# SDS MAX Bits



## Alan (Jun 18, 2008)

Just curious what brands people have had the best luck with.

I'm not even going to waste my time looking at off-brand drill bits because I'm certain the carbide tip will come flying off after a couple of uses. I am wondering about regular chisels though. Am I better off just sticking with name brand stuff all around, or is a chisel a chisel?


----------



## ShtRnsdownhill (Jan 13, 2016)

I use the splined drill bits and the chisels with the notch, I try to buy bosch brand, but now they are all made in china, the chisels hold up decent from no name brand..they are cheap enough not to worry about..


----------



## Tango (Jan 13, 2018)

Depends if you are going to use it a lot.

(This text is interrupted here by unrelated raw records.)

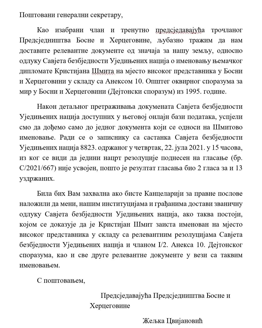 Као изабрани српски члан и тренутно предсједавајућа трочланог Предсједништва БиХ, званично сам затражила од генералног секретара Уједињених нација Антониа Гутереша одлуку Савјета безбједности УН о именовању њемачког дипломате, Кристијана Шмита, на мјесто високог представника у БиХ у складу са Анексом 10. Општег оквирног споразума за мир у БиХ из 1995. године.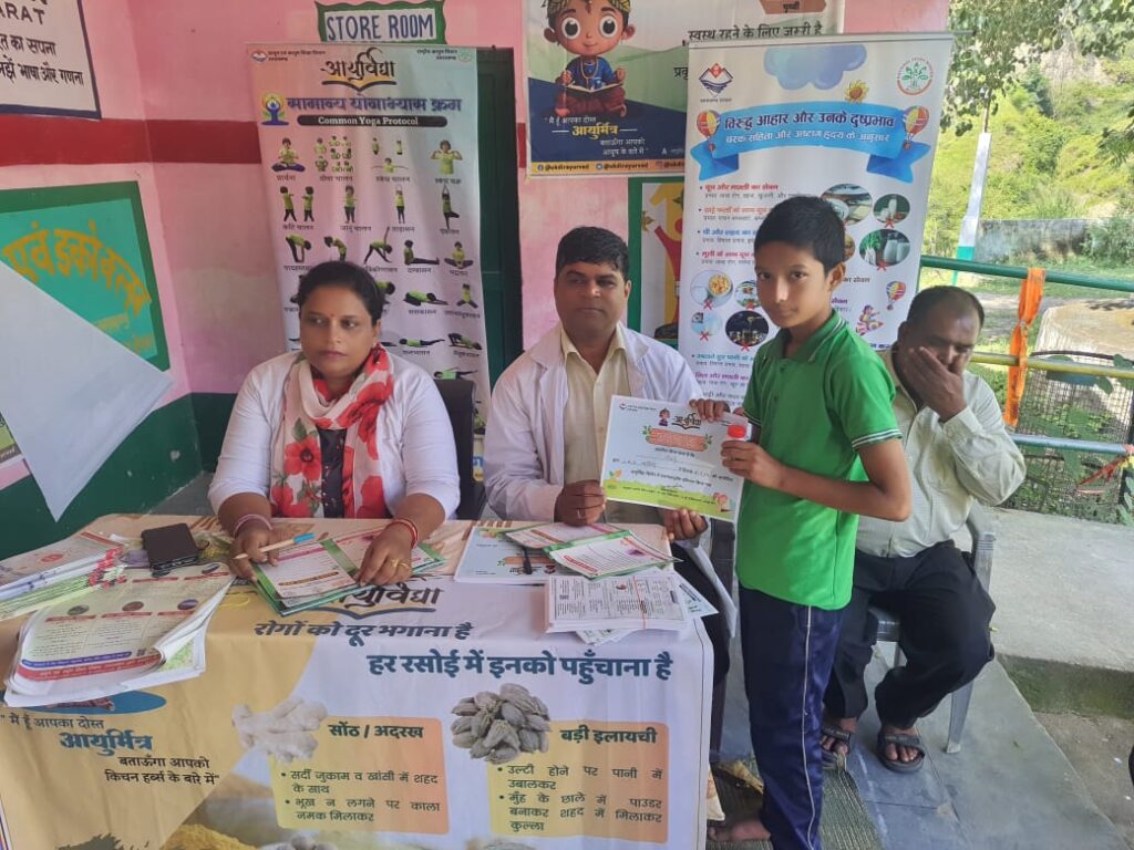 आयुर्वेद मिशन के तहत राजकीय उच्च प्राथमिक विद्यालय जैनल में लगाया गया शिविर।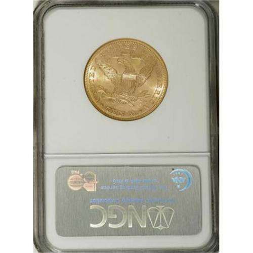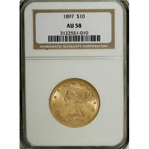 <B>1897 $10 AU58 NGC.</B></I> NGC Census: (121/6251). PCGS Population (241/3468). Mintage: 1,000,159. Numismedia Wsl. Price for NGC/PCGS coin in AU58: $379. (#8737)<BR><BR><B>Coin Engraver:</B> Christian Gobrecht<BR><BR><b>Shipping:</b> Coins & Currency (<a target="_blank" href="http://www.heritageauctions.com/common/shipping.php">view shipping information</a>)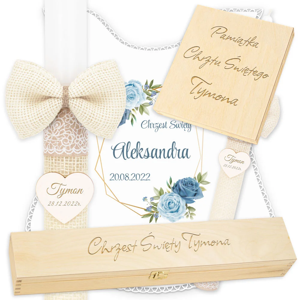 Świeca, Szatka i 2 Pudełka do Chrztu C4SS19P11/10SZ2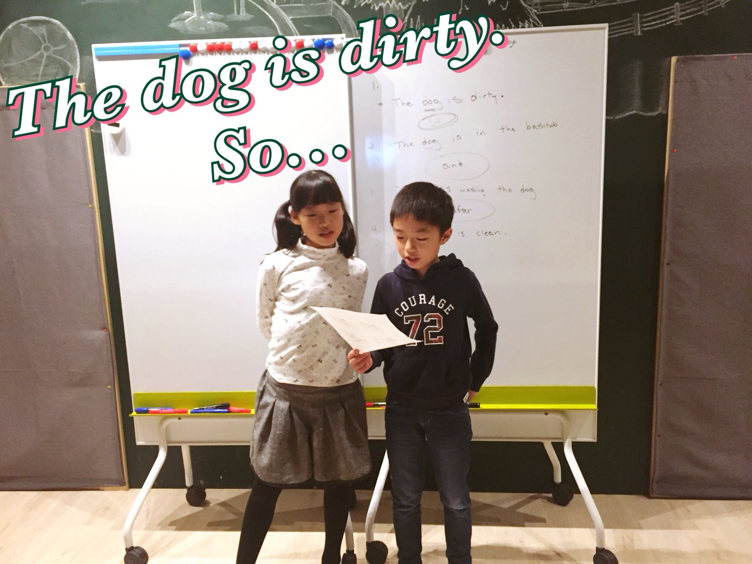 わからないところは、先生たちにアドバイスをもらったり、文法の間違えもしいかりと正しながら、できたセンテンス/ストーリーを発表。

I bought a princess auto chipper. It's a beast and breaks concrete easily. The 2 chisel came with it and that's what I use. It might be used only a couple times a year.

This job here I wanted to try it out and it was overkill, less than 2 minutes to break this off.


.


----------



## dhal22 (Jul 30, 2010)

We have a 60lb Bosch jackhammer and more Bosch Bulldog rotary hammers than I can count. SDS shank for the Bulldogs, we don't have an intermediary chipping hammer for the SDS Max shank.


----------